Une autre accusation (3) montrait que le Qur'ân était un emprunt: "C'est juste une contrefaçon qu'il avait inventé avec le concours des autres, des histoires d'antan qu'il écrivait pendant qu'on le lui dictait matin et soir" (Q 25:4-5; cfr. 68:15). "Un être humain lui apprend" (16:103).

En réponse aux critiques selon lesquelles Muhammad avait copié des autres, le Qur'ân dit dans le récit de Marie: "Voilà l'information sur l'inconnu que nous te révélons. Vous n'étiez pas là quand ils ont partagé le sort.." (3:44). Cette même affirmation est faite au sujet des histoires de Noé (11:49), Joseph (12:102) et Moïse (28:44-46).

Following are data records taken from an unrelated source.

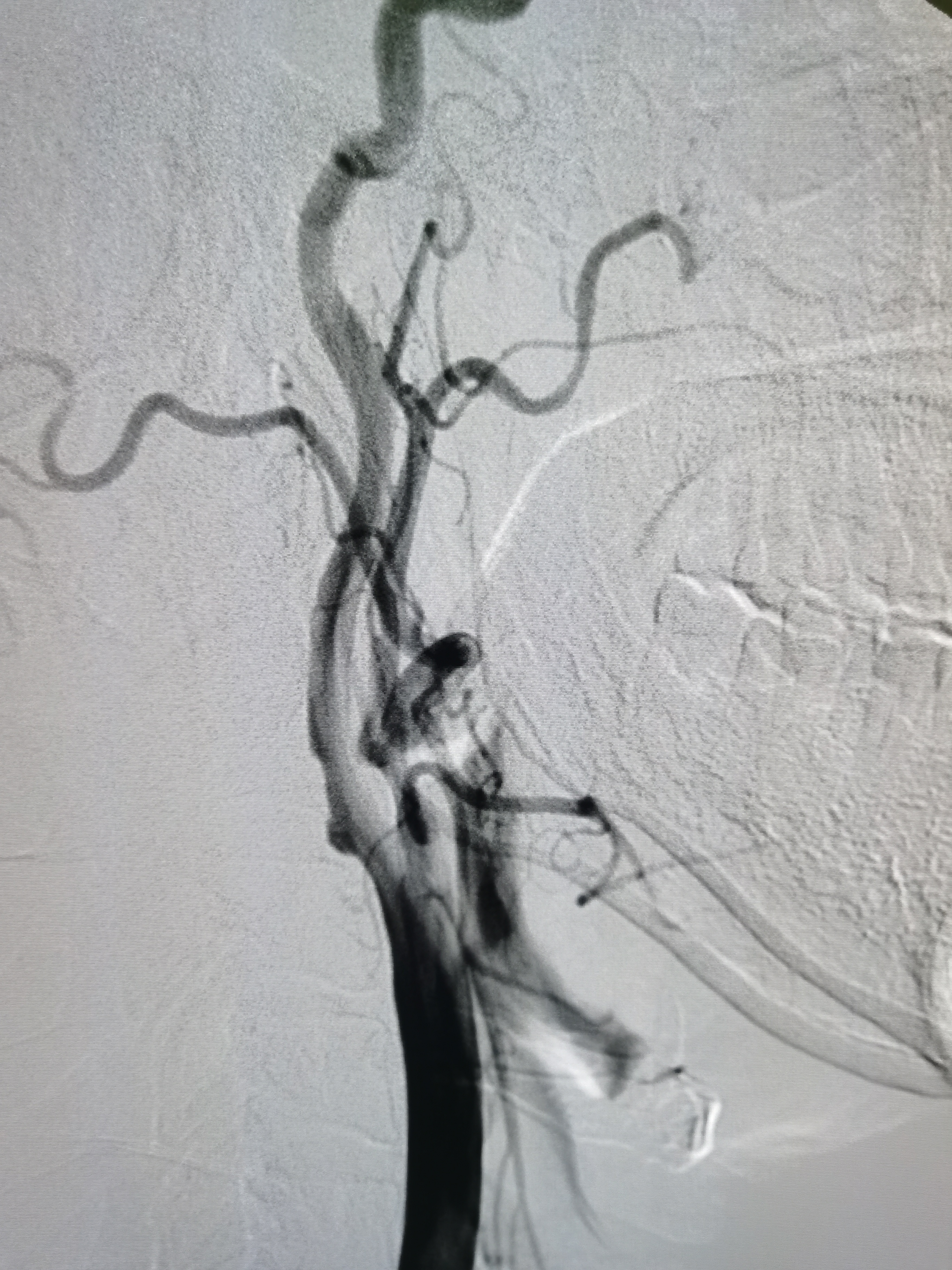 右侧颈内动脉起始部粥样硬化斑块形成。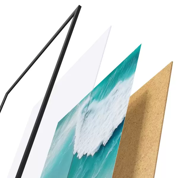Das Poster besteht aus einem Rahmen, Plexiglas, einem gedruckten Bild und einer Rückwand aus Spanplatten. Dank der Halterungen auf der Rückseite kann das Poster sofort an die Wand gehängt werden.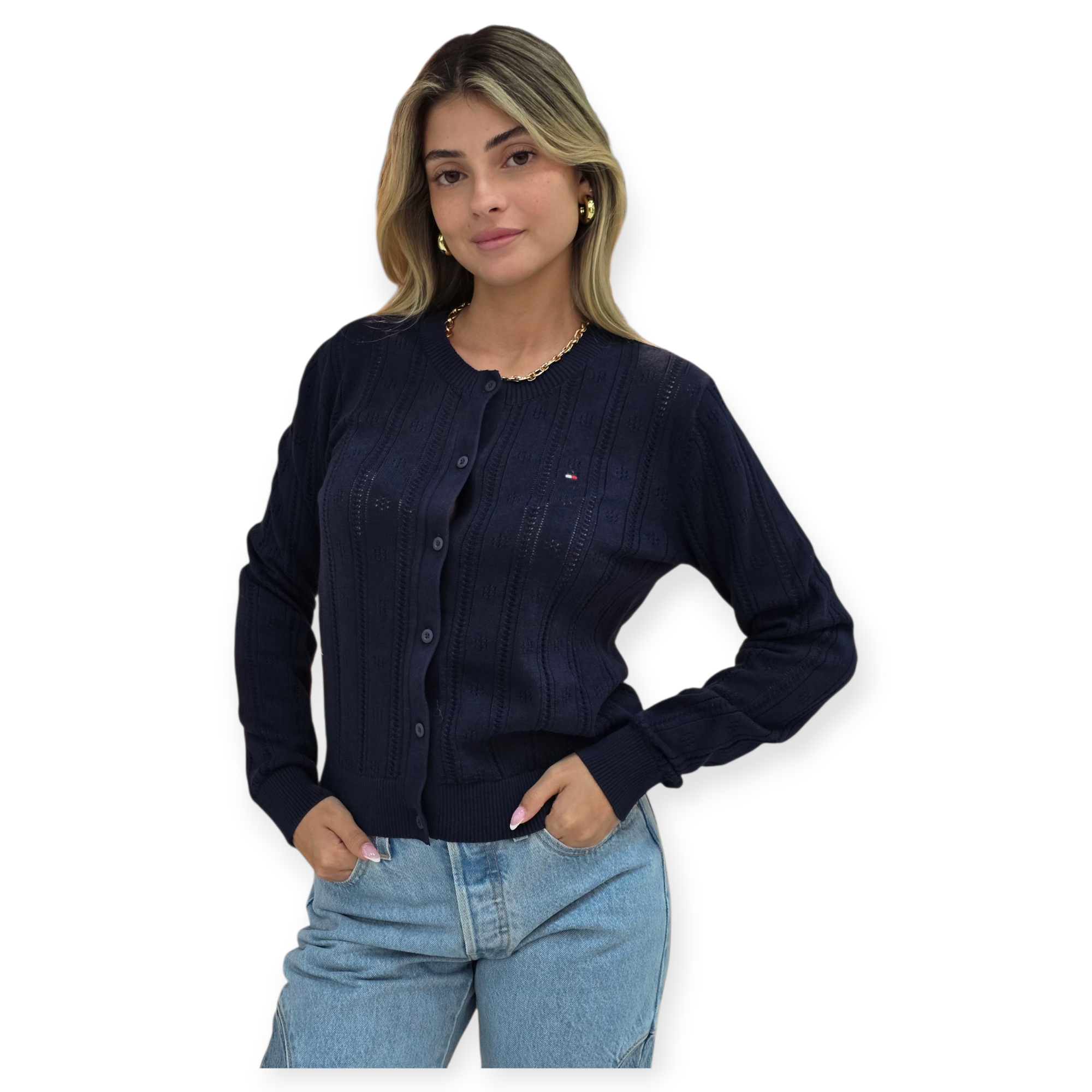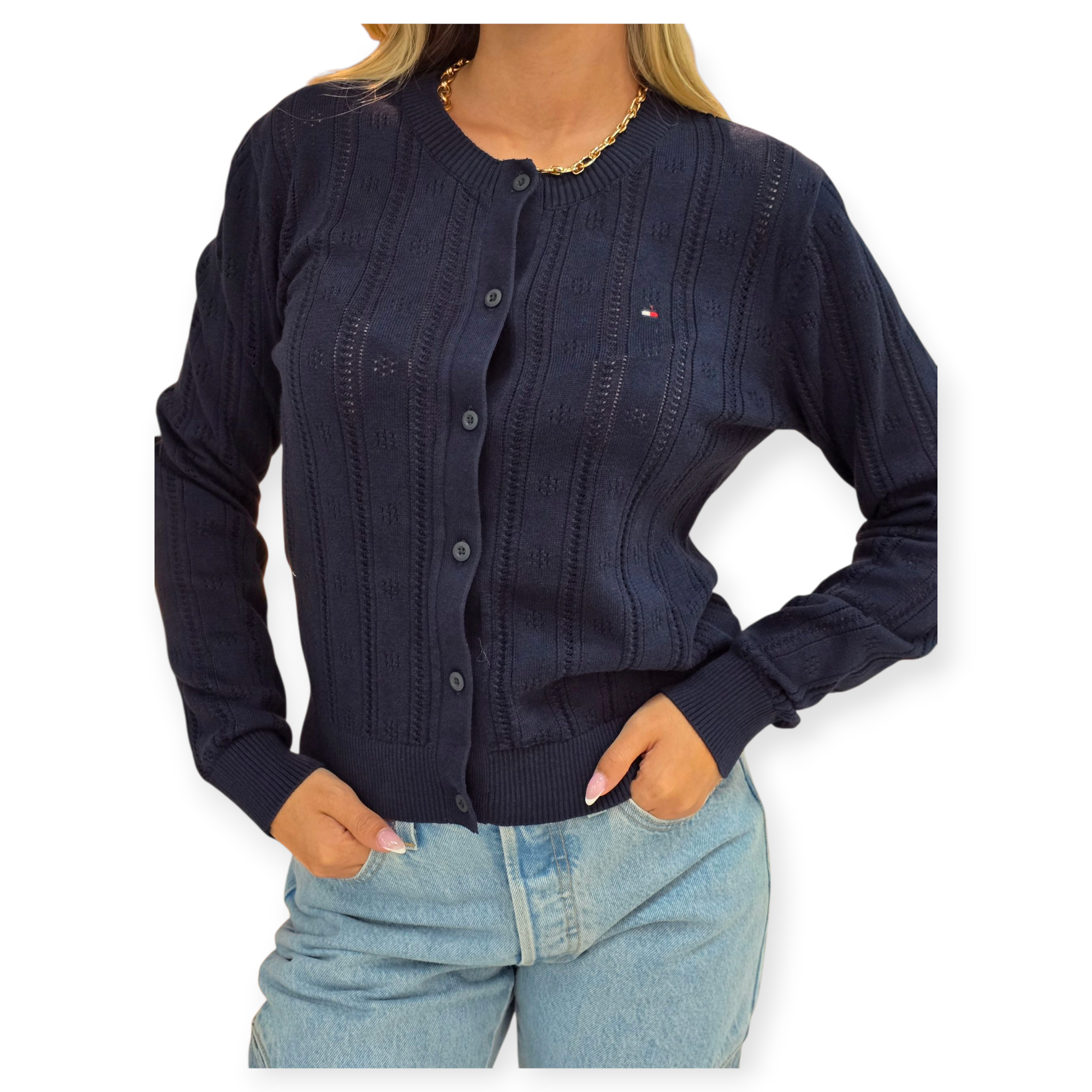 קרדיגן סרוג מבית tommy hilfiger , עם כפתורים קדמיים ולוגו רקום קטן בחזה. גזרה קלאסית ונשית, סריג נעים עם דוגמת טקסטורה עדינה – מושלם לשילוב יומיומי עם ג’ינס או חצאית.

Muhammad avait d'énormes occasions pour discuter de la religion avec les Juifs et les Chrétiens. Certains d'entre eux sont nommés par ses biographes. Muhammad n'avait pas bien lu la Bible (Q 29:48), qui n'était même pas encore traduite en arabe. La plupart des gens apprenaient la Bible en écoutant les histoires bibliques, à la manière dont ils apprenaient la poésie arabe et les contes traditionnels. Ces contes ont naturellement changé et les apocryphes y ont été ajoutés, comme on le voit dans le Qur'ân. L'originalité de Muhammad ne peut s'étendre qu'aux enseignements sur lesquels les contes insistaient et à la langue et au style arabe.

Quant à l'accusation (4) que Muhammad avait inventé lui-même les narrations coraniques, Muhammad rétorqua en défiant ses critiques de "produire une histoire semblable" (Q 52:34). Plus tard il les défia de produire "dix sûras" (11:13) ou même "une seule sûra" (10:38) semblable à celles qu'il avait produites, ou "un livre qui soit mieux orienté" (28:49). Le Qur'ân était présenté comme un miracle littéraire, la plus grande ou même l'unique preuve que Muh-ammad était le vrai prophète de Dieu (Q 17:88).

Quand les Mecquois ont vu qu'ils ne gagnaient rien de cette guerre des mots, ils ont fait recours à une persécution ouverte. Les esclaves et toutes personnes qui n'étaient pas protégées furent torturés et certains furent par conséquent morts. D'autres ont cédé à la pression et dissimulé leur foi. Le Qur'ân (16:106) pardonne aux Musulmans qui renoncent ouvertement à leur foi sous persécution tout en conservant leur croyance dans leurs coeurs.

QUESTIONS:

  1. Pourquoi les autorités de la Mecque se mettaient-elles à défendre la religion traditionnelle?
  2. Discutez de la réaction des premiers Musulmans aux attaques.
  3. Discutez de l'expérience de compromission avec les Mecquois.
  4. Evaluez les accusations que les Mecquois ont avancées pour discréditer les affirmations de Muhammad.